The American Triple Crown-winning stallion is currently enjoying his retirement at Ashford Stud in Kentucky, according to his owner Ahmed Zayat.
"He's an absolute pro -- not a surprise," a smiling Zayat told CNN.
A date with the flat racing legend doesn't come cheap though -- a roll in the hay with the three-year-old costs an eye-watering $200,000 per session.
And with plenty of mares being lined up to meet America's most famous horse it's expected that his winnings of around $8,500,000 on the track will soon be eclipsed.
The investment will be well worth it if his offspring can produce half the results the stallion achieved in his fleeting 11-race career.

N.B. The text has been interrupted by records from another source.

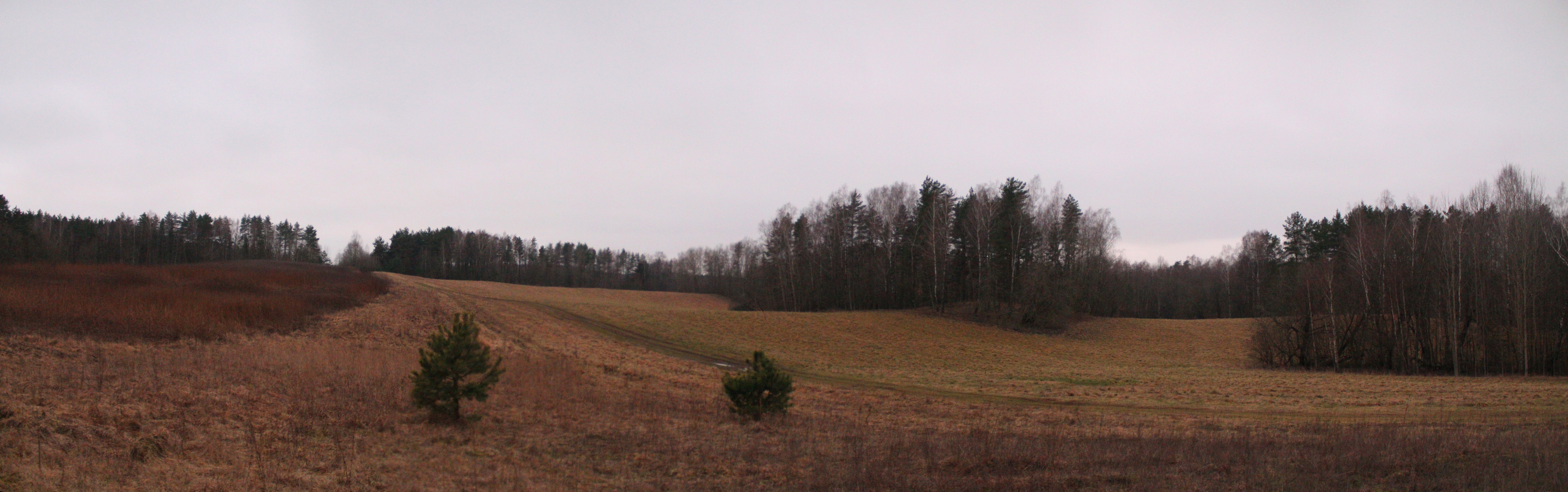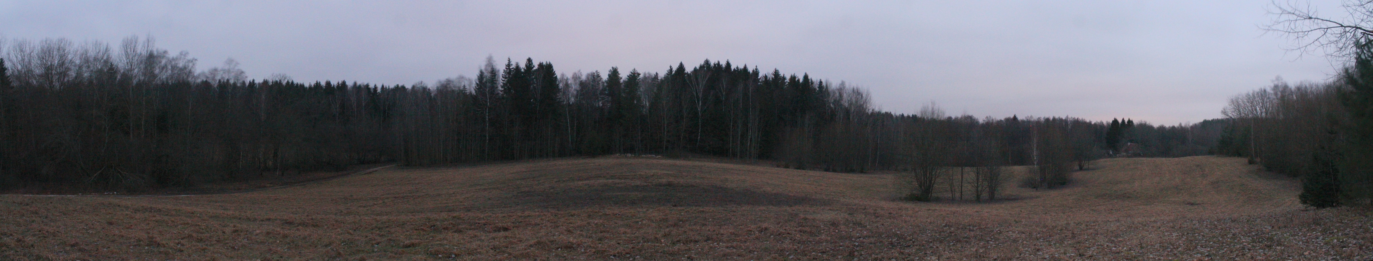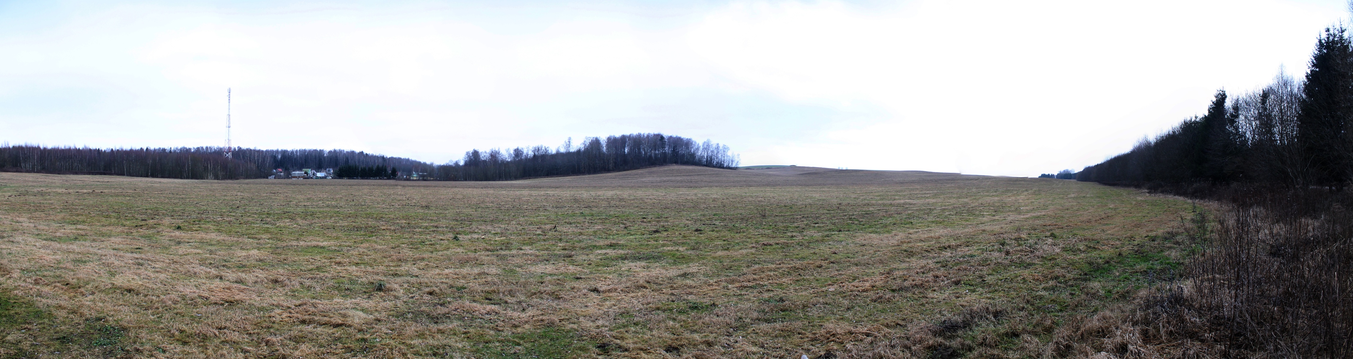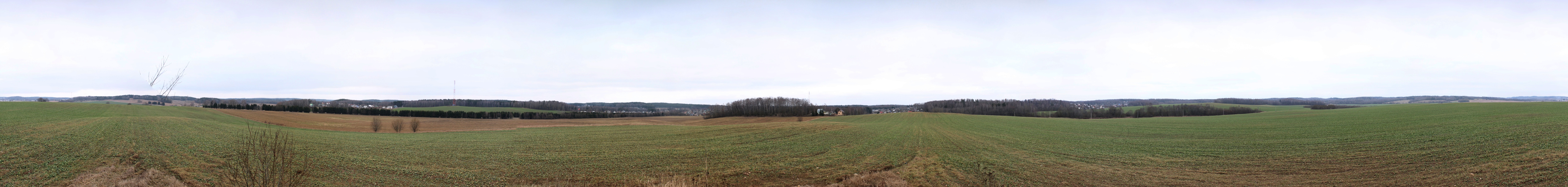 Погода была пасмурная, в конце января темнеет рано, так что я торопился успеть отснять панорамы холмов рядом со станцией. Пройдя около 900 м мимо садовых товариществ, я вышел к холмистым полям. К югу от шоссе открывалась панорама на восточную пологую оконечность поля PS. Панорама 180o восточной части поля PS, вид на юг. Точка PS3.
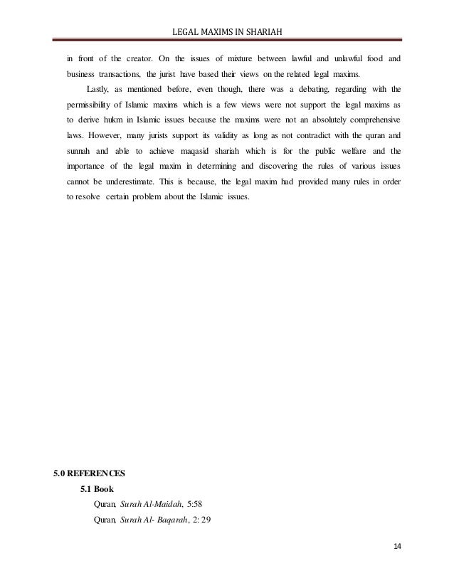 - 14. LEGAL MAXIMS IN SHARIAH 14 in front of the creator. On the issues of mixture between lawful and unlawful food and business transactions, the jurist have based their views on the related legal maxims. Lastly, as mentioned before, even though, there was a debating, regarding with the permissibility of Islamic maxims which is a few views were not support the legal maxims as to derive hukm in Islamic issues because the maxims were not an absolutely comprehensive laws. However, many jurists support its validity as long as not contradict with the quran and sunnah and able to achieve maqasid shariah which is for the public welfare and the importance of the legal maxim in determining and discovering the rules of various issues cannot be underestimate. This is because, the legal maxim had provided many rules in order to resolve certain problem about the Islamic issues. 5.0 REFERENCES 5.1 Book Quran, Surah Al-Maidah, 5:58 Quran, Surah Al- Baqarah, 2: 29
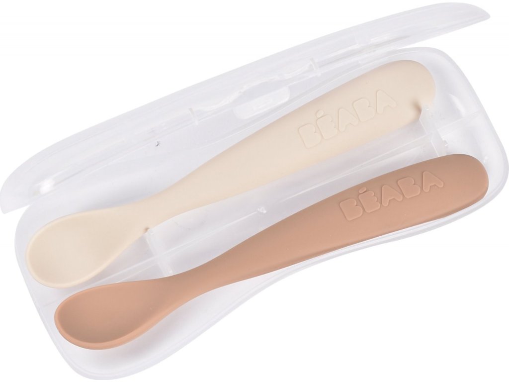 Silikonové lžičky Beaba pro nejmenší jsou šetrné k citlivým dětským dásním a navržené pro hladký přechod ze savičky na lžičku. Dlouhá rukojeť usnadňuje rodiči nabírání z misky i skleničky bez zašpinění rukou. Praktické pouzdro umožňuje hygienické přenášení lžiček např. v přebalovací tašce.
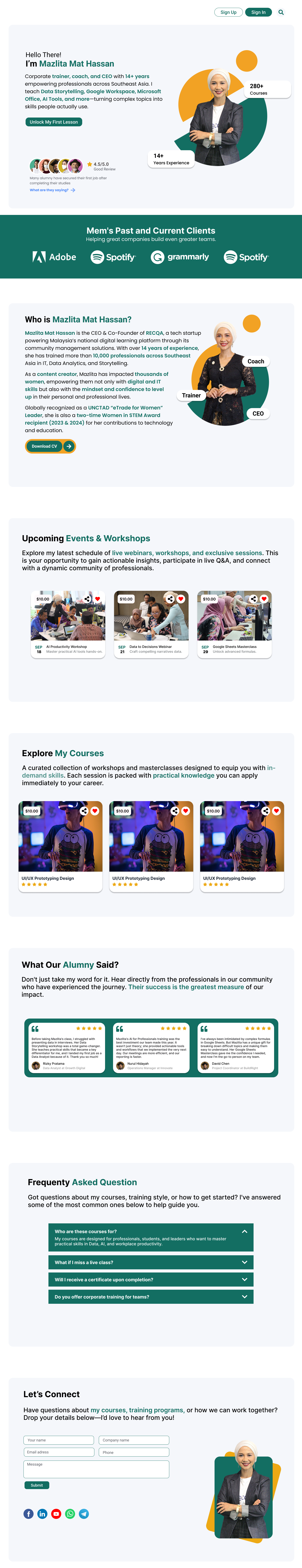 Creating a premium Personal Learning Platform for Mem Maz. This design focuses on conversion and credibility, presenting the personal training and courses of an experienced coach in a professional and engaging layout. The User Experience is crafted to guide visitors seamlessly from the landing page to course enrollment, successfully boosting sales and mentor engagement.
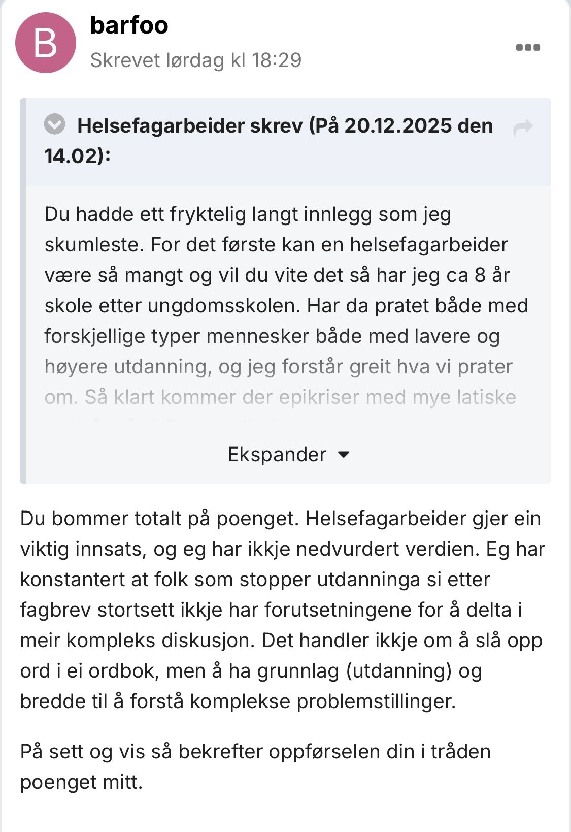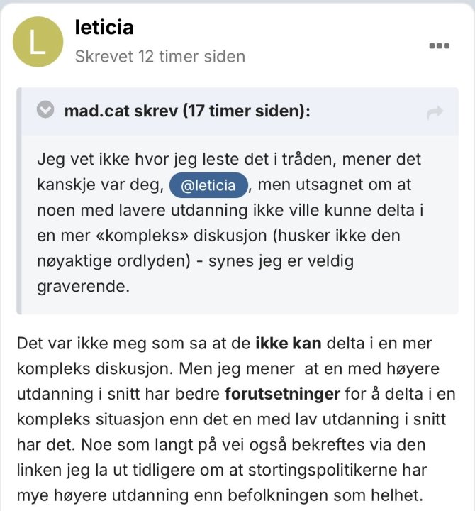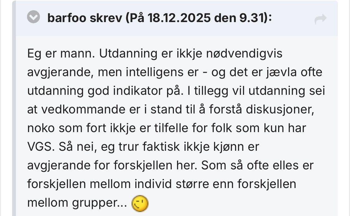 Jeg står inne for at jeg mener at folk med høyere utdannelse i snitt (altså på gruppenivå) har større forutsetninger for å delta i komplekse diskusjoner enn det folk med lav utdanning i snitt (altså på gruppenivå) har. Noe som jeg også har lagt ut linker av uttalelse fra forskere som snakker om høy utdanning blant politikere og det å forstå komplekse saker. Selv om jeg tenker at det er slik på gruppenivå, så kan man likevel hente ut en tilfeldig utvalgt person fra hver gruppe, og at det er den fra gruppa med lav utdanning som utmerker seg best. Man må skille på individnivå og gruppenivå. Men jeg har ikke sagt det i den konteksten du påstår. Om at jeg ikke vil velge en mann med lav utdanning fordi de ikke forstår komplekse diskusjoner. Det blir litt sånn klipp og lim, sette sammen ting og ta dem ut av kontekst ja. Jeg er mer opptatt av at man har likt verdisyn. Og det er den andre artikkelen jeg la ut, om at menn med lav utdanning og kvinner med høy utdanning, at verdisynet deres som gruppe ligger ganske langt fra hverandre. Angående menneskesyn , så har jeg flere ganger sagt at mennesker har lik verdi, og jeg har også sagt at utdanning ikke definerer et menneskes verdi. Som f.eks her hvor jeg skriver til helsefagarbeider: "Som jeg sa til deg i forrige innlegg, så er det ikke lengden på en utdanning som setter et menneskets verdi. "
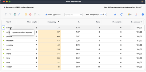 窗口最上方会给出分析范围与规模的概要:已分析的文档数量、已解析的总词数、不同词汇的总数,以及类符-形符比(type-token ratio,即独特词汇数 ÷ 总词数;这是衡量词汇多样性的粗略指标,且对文本长度敏感)。更多细节可查阅MAXQDA 手册。
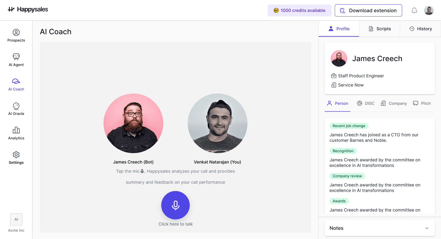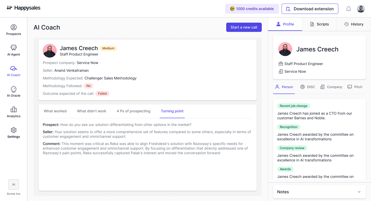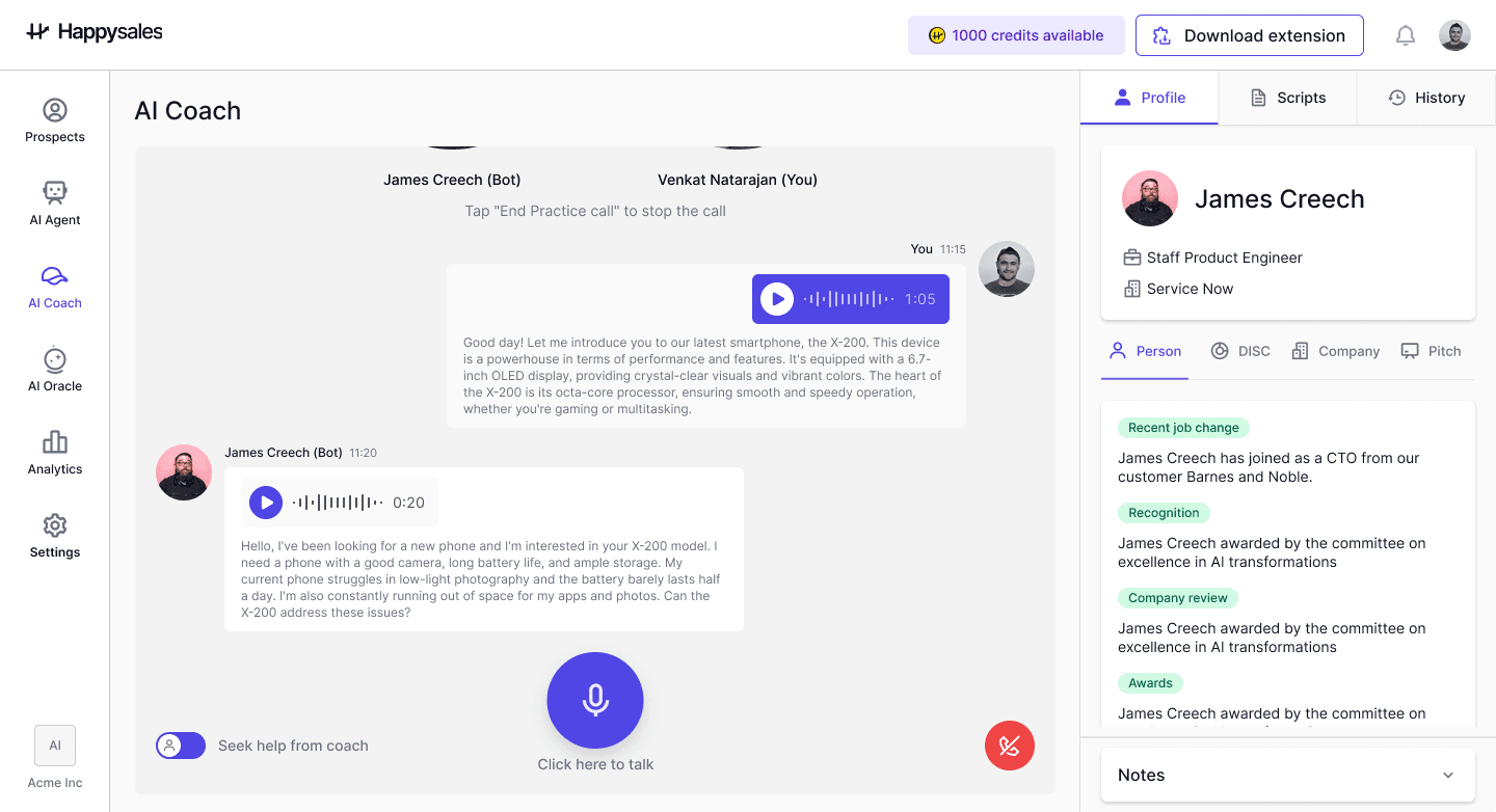 This feature allows sales reps to repeatedly practice and refine their approach, ensuring they are well-prepared for real interactions with prospects.
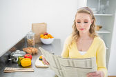 atrakcyjna kobieta w średnim wieku gospodarstwa filiżankę herbaty i czytanie gazety w kuchni
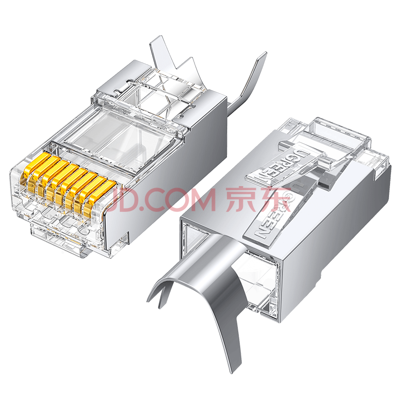 商品相册:绿联超六类网线屏蔽水晶头 超6类万兆网络接头 镀金工程级RJ45电脑网线连接器CAT6A两件式 10个70316第
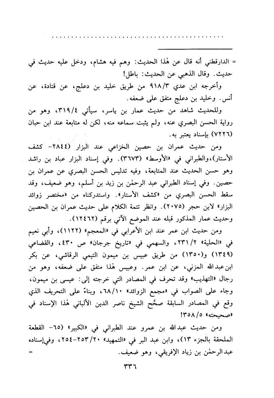 ومن حديث عمران بن حصين الخزاعي عند البزار (٢٨٤٤- كشف الأستار) ، والطبراني في "الأوسط" (٣٦٧٣) . وفي إسناد البزار عباد بن راشد وهو حسن الحديث عند المتابعة، وفيه تدليس الحسن البصري عن عمران بن حصين. وفي إسناد الطبراني عبد الرحمن بن زيد بن أسلم، وهو ضعيف، وقد سقط الحسن البصري من (كشف الأستار) . واستدركناه من "مختصر زوائد البزار" لابن حجر (٢٠٧٥) . وانظر تتمة الكلام على حديث عمران بن الحصين وحديث عمار المذكور قبله عند الموضع الآتي برقم (١٢٤٦٢) .
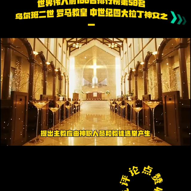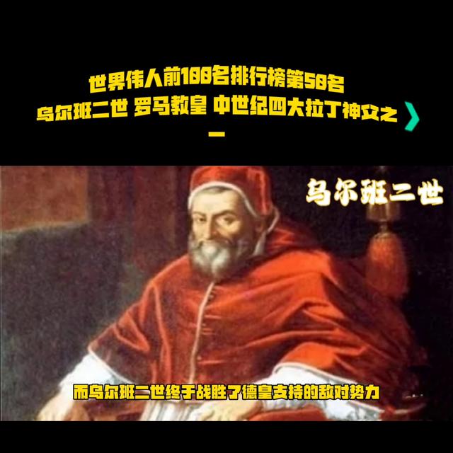 世界伟人前188排行榜第58名:乌尔班二世罗马教皇中世纪四大拉丁神文之乌尔班二世。

The first horse to win the Kentucky Derby, Preakness Stakes and Belmont Stakes in the same season -- the fabled Triple Crown -- for 37 years, American Pharoah capped a historic year by completing an unprecedented "Grand Slam" in October winning the Breeders' Cup Classic.
The winning streak has continued into 2016 for American Pharoah as the racing world honors his exploits, with the colt crowned Longines World's Best Horse for 2015 at a lavish award ceremony at London's Claridge's Hotel Tuesday.
It's almost as if Zayat still can't believe 2015 really happened.
"It's a Cinderella story," American Pharoah's owner told CNN.
"It's the best outcome possible. You win the Triple Crown and you do something that has never been done by winning the Breeder's Cup Classic Grand Slam.
"To come here, to the rich horse culture of Britain and (be) recognized as the No. 1 horse. I couldn't be any happier for American Pharoah -- he is the horse of a lifetime."
The colt beat off competition from last year's Epsom Derby and Prix de l'Arc de Triomphe winner Golden Horn who finished second in the Longines rankings, followed by French filly Treve and American-owned Shared Belief who sadly succumbed to colic in December.
The accolade comes just days after the colt was unanimously named American Horse of the Year at the annual Eclipse Awards.
American Pharoah's appeal has stretched far beyond the confines of the race track making the headlines on newspaper front pages worldwide.
Prior to his swan song at the Breeders' Cup Classic, American Pharoah was attracting 20,000 spectators just to watch him train, exemplifying the way he caught the public's imagination.
"He's a sweetheart. He's a cuddly horse ... he loves being with people," says Egyptian-born Zayat of a horse with healthy following on Twitter with 12,700 followers to date.
"Not only is he brilliant on the race track -- when he runs, he's floating -- yet as a horse he knows how graceful he is. He's connected with so many people. He's a blessing from god."
Tough act to follow
Last October, trainer Baffert called American Pharoah "our modern-day Secretariat" -- a reference to the 1973 Triple Crown champion, voted No. 2 in Blood-Horse magazine's top 100 of the 20th century behind winner Man o'War.
The 62-year-old Baffert, who had previously trained three winners of the Kentucky Derby conceded it will be hard to replicate his achievements.
"I've been fortunate to have some really good horses but he just kept on, he'd bring it every time, Baffert told CNN.
"He never tailed off and got stronger and stronger as the year went. He was so superior. He made my job so much easier. It's going to be a tough act to follow. He really spoiled us."
The man who steered him to victory, jockey Victor Espinoza agrees.
"I hope I can ride another one but it will be tough -- those ones don't come every, once every 37 years!" Espinoza, who rode California Chrome to Kentucky Derby glory in 2014, told CNN.
"But as long as I'm riding, I'll see how it goes. Every year, I'm looking for a champion and this year I'm still looking."
Don't bet against him making it three-in-a-row in 2016.